3

I'm doing a groupBy for calculating a value, but it seems that when I group by, I lose all the fields that are not in the aggregation keys:

filtered.filterNot('site) {s:String => ...}
        .filterNot('date) {s:String => ...}
aggr = filtered.groupBy('id, 'contentHost) { group =>
    group.min('timestamp -> 'min)
    //how do I keep original fields? (eg: site, date)
}

aggr.store(Tsv(...)) //eg: field "site" won't be here

in pig, it would be something like this:

aggr = group filtered by concat('id, 'contentHost);

result = foreach aggr {
  generate flatten(filtered), //how to do this in scalding?
           min(filtered.timestamp) as min;
}
Miguel Ping
  • 18,082
  • 23
  • 88
  • 136

1 Answers1

4

I had the same problem with the tuple API and could only solve it by using the typed API.

You can either use Scala tuples or define your own case class outside your job. E.g.:

case class Data(id: String, site: String, date: String, contentHost: String)

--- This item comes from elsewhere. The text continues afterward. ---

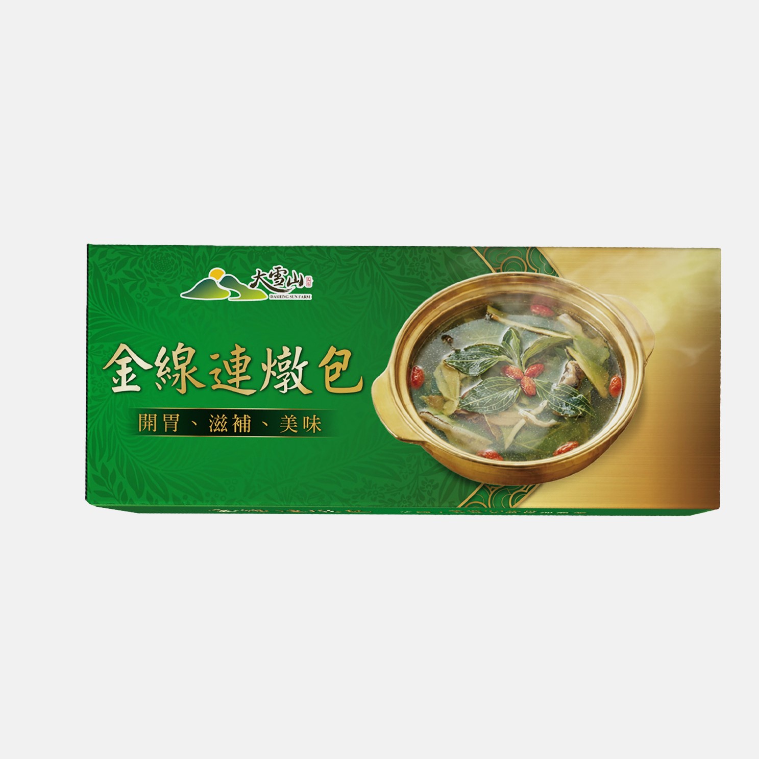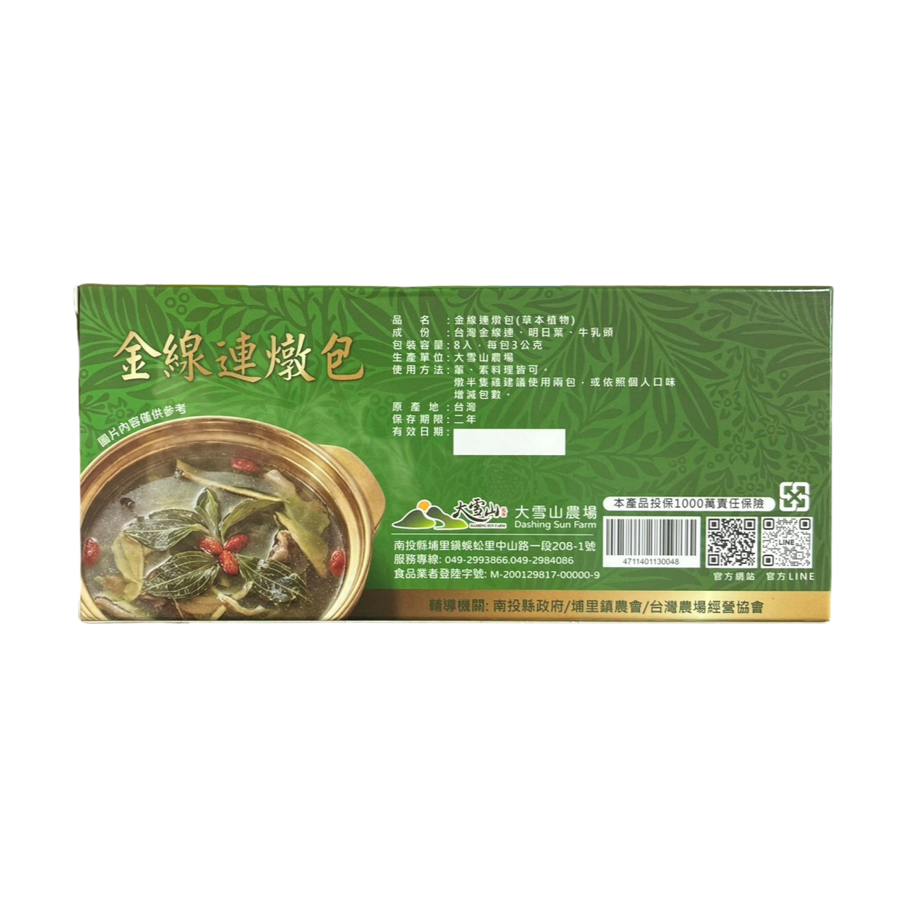 品名:金線連燉包(草本植物) 成分:台灣金線連、明日葉、牛乳頭 重量:8入,每包3g 使用方式: *葷、素料理皆可。 *燉半隻雞建議使用兩包,或依照個人口味增減包數。 原產地:台灣 保存方法:避免陽光直射和避免置放於潮濕的地方 備註:寄送國外請先和農場聯繫:2993866@gmail.com

Then you'd process it like this:

val filtered: TypedPipe[Data] = TypedPipe.from(Seq(Data("...", "2014-04-14", "...", "...")))

filtered
  .filterNot ( data => data.site == "fr" )
  .filterNot ( data => data.date == "2014-02-01" )
  .groupBy (data => (data.id, data.contentHost)) // (String,String) -> Data
  .min // or .minBy { ... }
  .toTypedPipe
  .write(TypedTsv[((String, String), Data)]("/path/"))
Marius Soutier
  • 11,184
  • 1
  • 38
  • 48